Records to use Start Marker

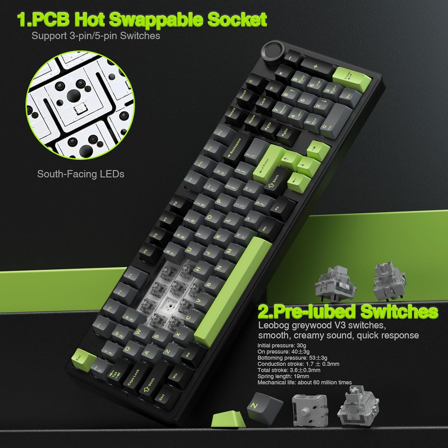 Hot-swappable Custom Keyboard: The switches and keycaps can be freely replaced(keycap/switch puller are included in the package).This customizable keyboard with hot-swap PCB allows users to replace 3 pins/5 pins switches easily without soldering issue. F99 Pro mechanical keyboards equipped with pre-lubed linear switches, bring smooth typing feeling and pleasant creamy sound, provide fast response for exciting game
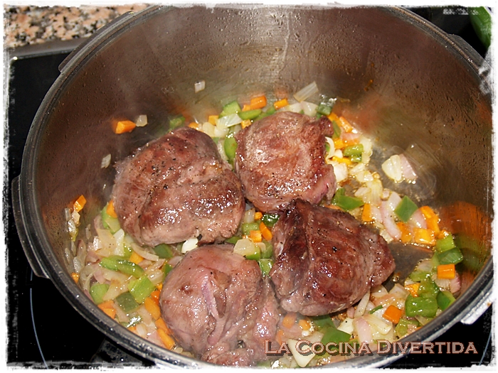 4. Una vez blanda la verdura, añadimos las carrilleras que teníamos reservadas y una hoja de laurel.
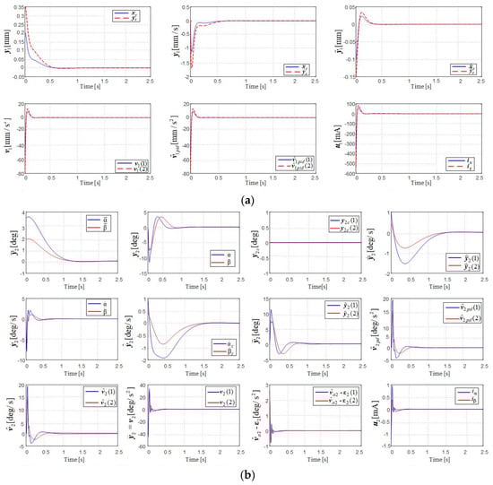 The next 12 groups of graphs in Figure 4b and in Figure 5b express the dynamics of the variables of the subsystem in Figure 2b for the stabilization mode and the orientation mode, respectively. The graphs for , , and are effectively identical for the two operating modes, as they are state variables related to the reference model (30), which is not influenced by the subsystem in Figure 3a.
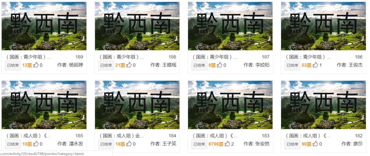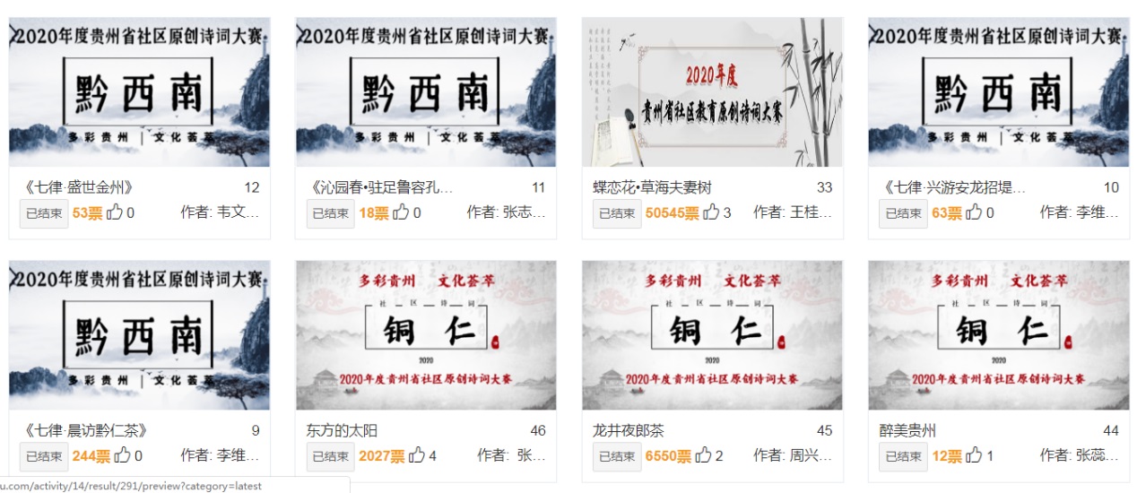 于2020年6月全面启动,历时5个月,在全省范围内组织实施了以“多彩贵州 文化荟萃”为主题,以原创诗词、摄影作品、书画作品为载体,展现贵州山水之美和风土人情,记录贵州经济社会发展取得的巨大成就,积极引导社区居民践行社会主义核心价值观,弘扬“团结奋进、拼搏创新、苦干实干、后发赶超”的新时代贵州精神。此次大赛共收到近千个作品,百余万人次通过乐之学习网——贵州社区教育学习平台参与线上投票。经过初赛、复赛、网上投票、专家打分等环节,产生一等奖作品25个,二等奖作品65个,三等奖作品110个,优秀组织单位18个,组织工作先进个人27名。贵州省2020年全民终身学习活动周开幕式上将对获奖单位和个人予以表彰,并展示部分获奖作品。
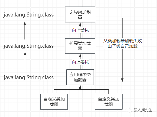 还有一个就是避免类重复加载,比如说刚刚的String类,每个加载器中都有一份,但是最终只会加载一次
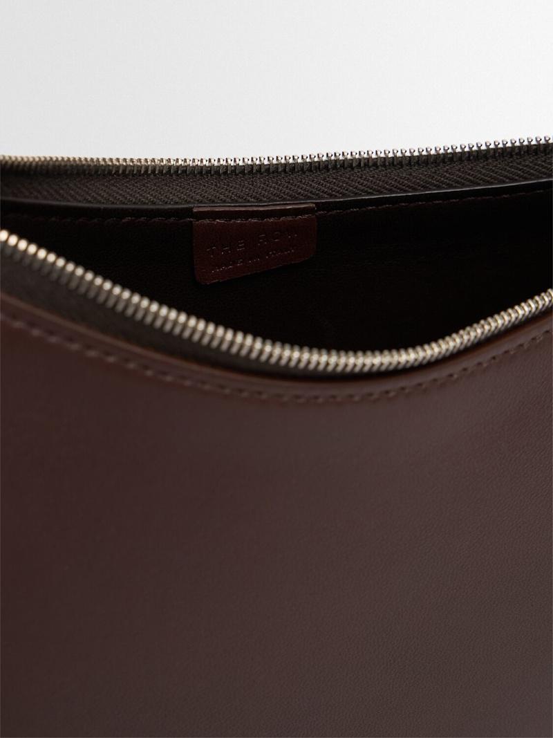 半月形皮革单肩包 - 麻棕色 - 女士 - The Row - 固定式肩带.
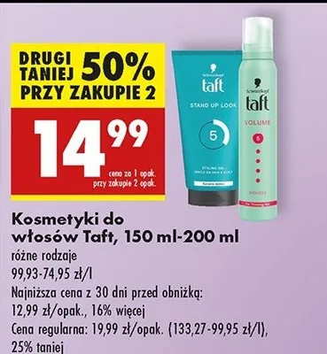 Zastanawiasz si臋, gdzie kupi膰 i ile kosztuje produkt 呕el do w艂os贸w TAFT STAND UP? Regularnie sprawdzamy, czy jest promocja na ten produkt w Biedronka, Lidl, Kaufland, Auchan, Netto, Makro i innych sklepach. Aktualnie posiadamy 1 ofert臋 promocyjn膮 na ten produkt. Ceny zaczynaj膮 si臋 od 13,99z艂!
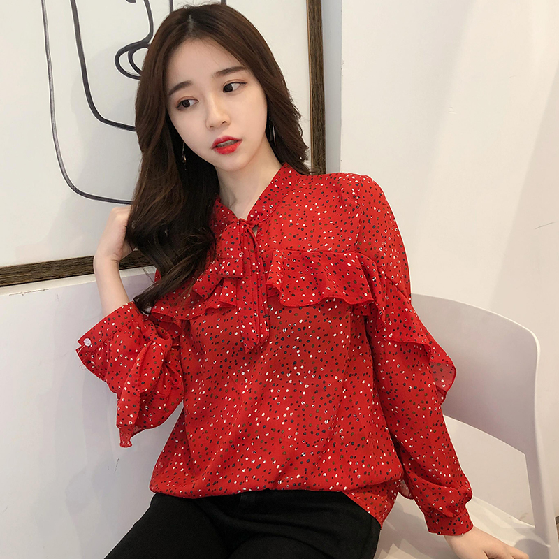 襯衫女初秋新款女裝韓版寬松系帶蝴蝶結長袖上衣荷葉邊碎花雪紡衫
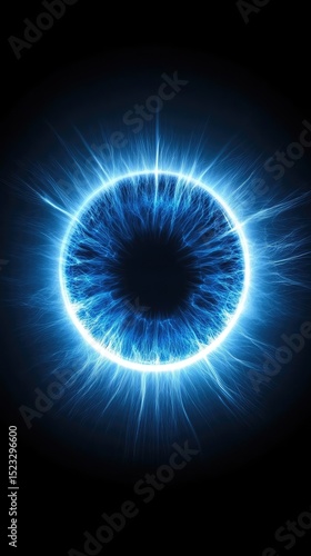 A mesmerizing blue eye with radiating light on a dark background, a symbol of focus and inner vision

Records to use End Marker

# What is expected
When you find the line that contains "于2020年6月全面启动,历", retype it and every line after it through the end of the data above, exactly, with no pictures.

# Response to the exercise
 于2020年6月全面启动,历时5个月,在全省范围内组织实施了以“多彩贵州 文化荟萃”为主题,以原创诗词、摄影作品、书画作品为载体,展现贵州山水之美和风土人情,记录贵州经济社会发展取得的巨大成就,积极引导社区居民践行社会主义核心价值观,弘扬“团结奋进、拼搏创新、苦干实干、后发赶超”的新时代贵州精神。此次大赛共收到近千个作品,百余万人次通过乐之学习网——贵州社区教育学习平台参与线上投票。经过初赛、复赛、网上投票、专家打分等环节,产生一等奖作品25个,二等奖作品65个,三等奖作品110个,优秀组织单位18个,组织工作先进个人27名。贵州省2020年全民终身学习活动周开幕式上将对获奖单位和个人予以表彰,并展示部分获奖作品。
 还有一个就是避免类重复加载,比如说刚刚的String类,每个加载器中都有一份,但是最终只会加载一次
 半月形皮革单肩包 - 麻棕色 - 女士 - The Row - 固定式肩带.
 Zastanawiasz si臋, gdzie kupi膰 i ile kosztuje produkt 呕el do w艂os贸w TAFT STAND UP? Regularnie sprawdzamy, czy jest promocja na ten produkt w Biedronka, Lidl, Kaufland, Auchan, Netto, Makro i innych sklepach. Aktualnie posiadamy 1 ofert臋 promocyjn膮 na ten produkt. Ceny zaczynaj膮 si臋 od 13,99z艂!
 襯衫女初秋新款女裝韓版寬松系帶蝴蝶結長袖上衣荷葉邊碎花雪紡衫
 A mesmerizing blue eye with radiating light on a dark background, a symbol of focus and inner vision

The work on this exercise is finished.